Consider, first, that reduced resource use and sustainable lifestyles, on both the cultural and the individual level, need not mean deprivation.
As an individual-level example, studies show that bicycle commuters are happier than car and transit commuters. As a cultural-level example, people who live in pedestrian-friendly areas like villages, where cars are used less frequently, tend to have more friends, the research shows.
In both cases–how a person chooses to travel and how a culture develops its land–the scenario that uses fewer resources results in better quality of life. The happiness of people, therefore, does not depend on energy and material use. It depends upon whether materials and energy are used effectively to improve well-being.
Perhaps the designer of truly sustainable products and systems must ask, therefore, not just whether the product or system has the lowest possible energy and materials input.

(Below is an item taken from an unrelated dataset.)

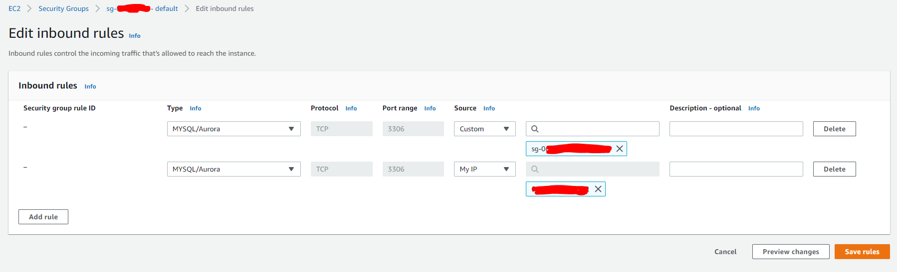 - 복사한 EC2에 사용된 Security group ID와 내 IP를 RDS Security Group의 Inbound Rules에서 Edit inbound rules로 변경
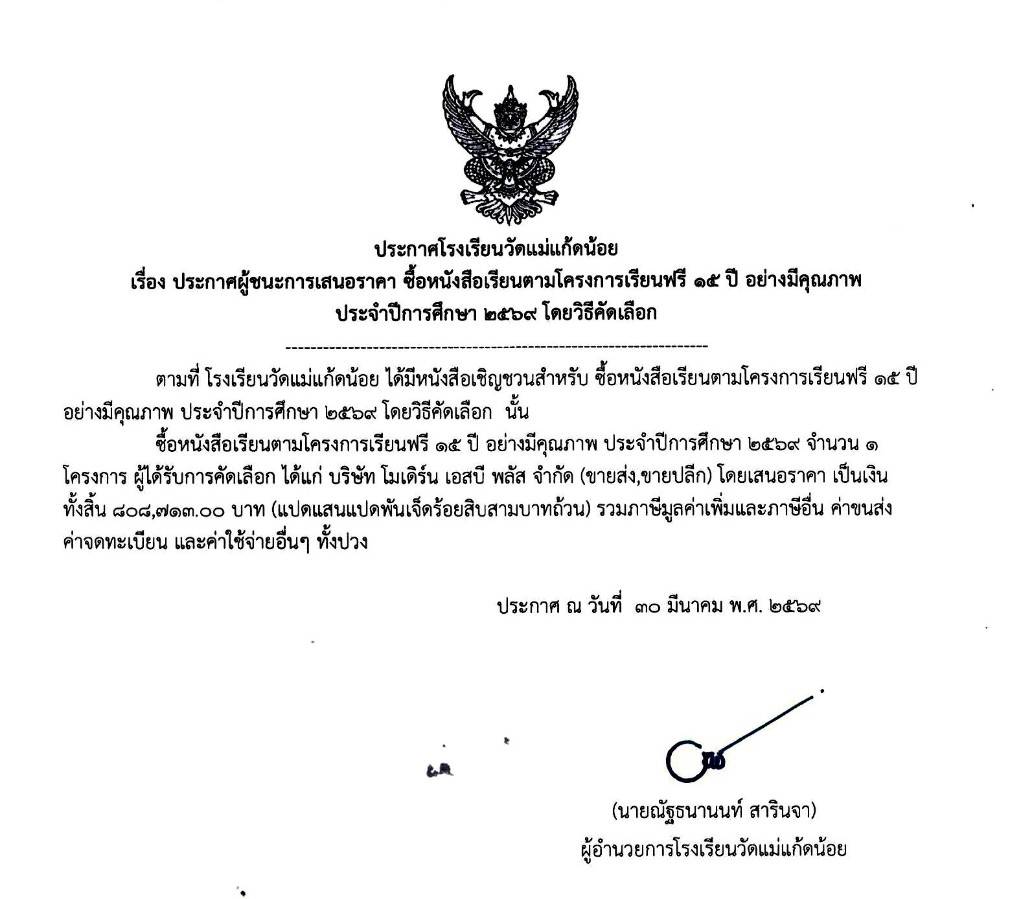 ประกาศ โรงเรียนวัดแม่แก้ดน้อย เรื่อง ประกาศผู้ชนะการเสนอราคาจัดจ้างสำหรับการจ้างเหมาบริการปฏิบัติงานตำแหน่งธุรการโรงเรียน ครูพี่เลี้ยงเด็กพิการ นักการภารโรง โดยวิธีเฉพาะเจาะจง

Perhaps the designer must also ask whether use of those valuable ecological resources can be justified in terms of quality of life improvement.

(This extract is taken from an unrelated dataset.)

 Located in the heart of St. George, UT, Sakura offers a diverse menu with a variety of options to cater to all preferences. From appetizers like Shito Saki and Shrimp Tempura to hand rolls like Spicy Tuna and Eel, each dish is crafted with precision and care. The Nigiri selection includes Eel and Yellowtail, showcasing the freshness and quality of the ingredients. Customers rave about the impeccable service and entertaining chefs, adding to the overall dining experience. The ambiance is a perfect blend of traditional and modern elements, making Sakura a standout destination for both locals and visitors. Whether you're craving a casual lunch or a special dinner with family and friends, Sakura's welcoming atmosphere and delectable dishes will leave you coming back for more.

In other words, as I’m defining it, the “environmental effectiveness” (E) of a product or system might be mathematically represented by an equation that looks something like:
E = life enhancement / ecological resource use.
The more life enhancement (pleasure, health, contentment, security, community, connectedness) delivered per unit of resource, the higher the environmental effectiveness, the more sustainable the product. In other words, even a conventionally-grown apple has a higher environmental effectiveness than organically-grown tobacco.
And if you think about it, products like sugary sodas, when they contribute to childhood obesity, wouldn’t score so well either. Carrot juice, on the other hand, even in the same throwaway container, even using the same resources to produce, because it delivers important nutrients, would score better.
Why is life enhancement so important in evaluating sustainability? Because we have become so short on environmental resources that we can no longer afford to be wasting them on things that don’t even improve our lives.